Compiler fails to deduce types when using std::function

So, I have a method and its overload for a class, written like this:

bool my_for_each(someIterator begin, someIterator end, bool (*_lambda)(someIterator));

void my_for_each(someIterator begin, someIterator end, void (*_lambda)(someIterator));

As you can see, the only difference is the signature of a passed function, that is, its return type. Although the code above works perfectly fine when i call it:

my_for_each(iteratorBegin, iteratorEnd, [](someIterator) {; }); // calls void version

my_for_each(iteratorBegin, iteratorEnd, [](someIterator)->bool {return false; }); // calls bool version

..., if I write the my_for_each function as follows:

bool my_for_each(someIterator begin, someIterator end, std::function<bool(someIterator)> _lambda);

void my_for_each(someIterator begin, someIterator end, std::function<void(someIterator)> _lambda);

The code fails to compile if i call the function the same way (C2668 ambiguous call to overloaded function).
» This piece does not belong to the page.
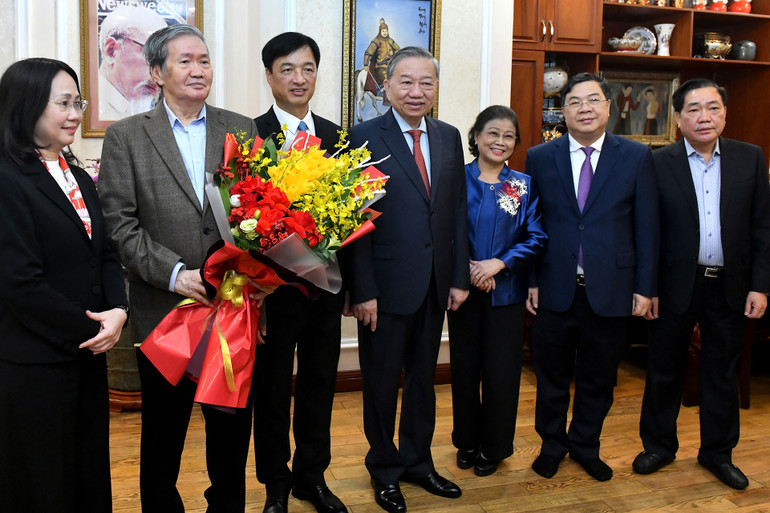 Tổng Bí thư Tô Lâm thăm hỏi, chúc Tết đồng chí Đinh Thế Huynh, nguyên Ủy viên Bộ Chính trị, nguyên Thường trực Ban Bí thư. Ảnh: Đăng Khoa
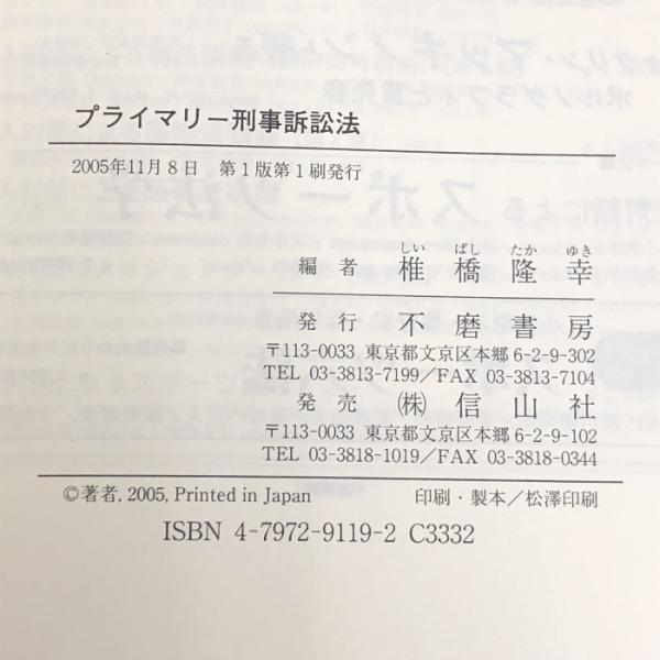 プライマリー刑事訴訟法 不磨書房 椎橋 隆幸

Although, if I manually cast the function:

my_for_each(iteratorBegin, iteratorEnd, static_cast<std::function<void(someIterator)>>([](someIterator) {; })); //calls void version

my_for_each(iteratorBegin, iteratorEnd, static_cast<std::function<bool(someIterator)>>([](someIterator) -> bool { return false; })); //calls bool version

The code works perfectly fine. So I'm just wondering:

  1. Why is normal function pointer type deduction "stronger" than the std template one?
  2. Is there some kinda workaround to still use the more generic version, while not casting the parameter manually?

The compiler is VS2015.

Thanks and have a nice day!

Solution

  • std::function and lambdas have distinct types, meaning the 2nd example requires an implicit conversion from the lambda's type to std::function.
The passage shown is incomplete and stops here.